The module implements file-based caching for document instances to minimize redundant initialization and file I/O operations.
*   **Global Document Cache**: Managed via `winnerz.open(path)`. Validates cache hits using file signature metrics (file size and modification time in nanoseconds).
    > [!TIP]
    > If you need to open multiple copies of the same file concurrently or bypass this cache (e.g., in background workers), initialize the document directly using `winnerz.Document(path)` instead of `winnerz.open()`.
*   **Preview Document Cache**: A separate caching layer strictly for the `pypdfium2` rendering backend to keep the preview document context alive across multiple page renders.
*   **C++ Thread-Safe Font Cache**: The C++ core utilizes a lock-guarded (`std::recursive_mutex`) internal cache for Unicode, Width, and CodeSpace maps to prevent data races during parallel text extraction.

## Logging

WinnerZ uses standard Python `logging` under the `winnerz` logger namespace.
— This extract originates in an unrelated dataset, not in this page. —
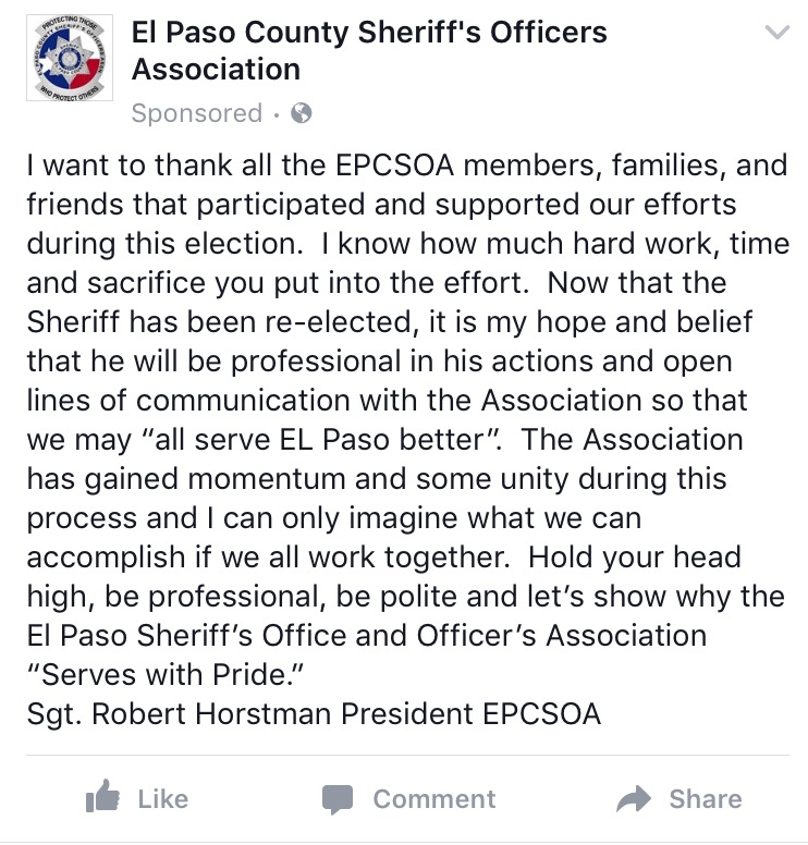 Now that really wouldn't matter if it weren't for the fact that President Horstman sent out this sponsored Facebook post after the election that calls on the sheriff to be professional before he calls on his own guys to be professional. He apparently hasn't seen his boy Marco Camarillo all over Facebook during this election.

Error and debug messages are routed seamlessly to this logger, allowing you to configure professional logging streams similar to `pymupdf`.
```python
import logging
logging.getLogger("winnerz").setLevel(logging.DEBUG)
```

## Performance Benchmark

Thanks to the native C++ multi-threading pipeline and persistent object caching, `WinnerZ` outperforms established industry standards like `PyMuPDF` (fitz) significantly in bulk text extraction tasks.

*Tested on a standard 185-page PDF file:*
*   ⏱️ PyMuPDF (`fitz`): **~0.44s**
*   🚀 WinnerZ (`get_all_text()`): **~0.18s** (2.5x Faster)

### C++ Micro-OCR Benchmark
*Tested on a 100% text-obfuscated PDF file (Forcing the system to Micro-OCR all characters):*
*   🐢 Traditional OCR (Tesseract): **~3 - 5 seconds / page**
*   ⚡ WinnerZ Micro-OCR (Bitwise Optimized): **~0.33 seconds / page** (~15x Faster)

## Dependencies

*   `pypdfium2`: Optional but highly recommended. Used for decryption, primary preview rendering, and all In-Memory editing/redaction operations (including high-speed C-level XObject merging).